— YOUR GOAL —
Retype only what runs from the beginning of the data through the line with "Acharya Narendra Dev"; please omit the pictures and keep every line exact.

━━━ DATA SECTION ━━━

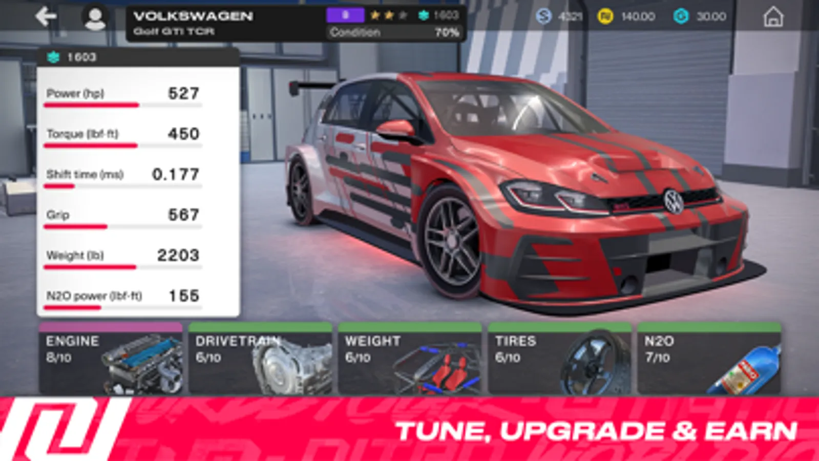 - Prepare for each car competition with upgrades, car tuning, and maintenance in custom workshops
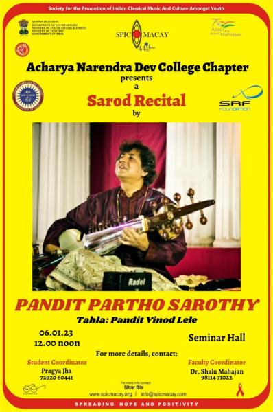 Acharya Narendra Dev College Chapter Presents : Sarod Recital by Pandit Partho Sarothy
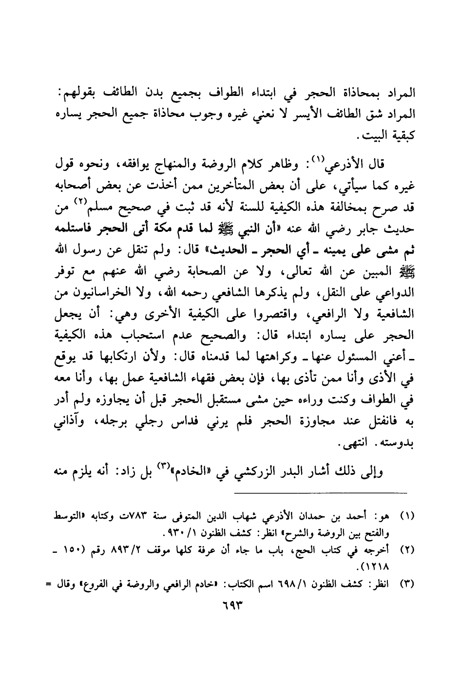 قال الأذرعي: وظاهر كلام الروضة والمنهاج يوافقه، ونحوه قول غيره كما سيأتي، على أن بعض المتأخرين ممن أخذت عن بعض أصحابه قد صرح بمخالفة هذه الكيفية للسنة لأنه قد ثبت في صحيح مسلم من حديث جابر رضي الله عنه "أن النبي صلى الله عليه وسلم لما قدم مكة أتى الحجر فاستلمه ثم مشى على يمينه ـ أي الحجر ـ الحديث" قال: ولم تنقل عنرسول الله صلى الله عليه وسلم المبين عن الله تعالى، ولا عن الصحابة رضي الله عنهم مع توفر الدواعي على النقل، ولم يذكرها الشافعي رحمه الله، ولا الخراسانيون من الشافعية ولا الرافعي، واقتصروا على الكيفية الأخرى وهي: أن يجعل الحجر على يساره ابتداء قال: والصحيح عدم استحباب هذه الكيفية ـ أعني المسئول عنها ـ وكراتهتها لما قدمناه قال: ولأن ارتكابها قد يوقع في الأذى وأنا ممن تأذى بها، فإن بعض فقهاء الشافعية عمل بها، وأنا معه ف الطواف وكنت وراءه حين مشى مستقبل الحجر قبل أن يجاوزه ولم أدر به فانفتل عند مجاوزة الحجر فلم يرني فداس رجلي برجله، وآذاني بدوسته. انتهى.

━━━

— ANSWER TO THIS PROBLEM —
 - Prepare for each car competition with upgrades, car tuning, and maintenance in custom workshops
 Acharya Narendra Dev College Chapter Presents : Sarod Recital by Pandit Partho Sarothy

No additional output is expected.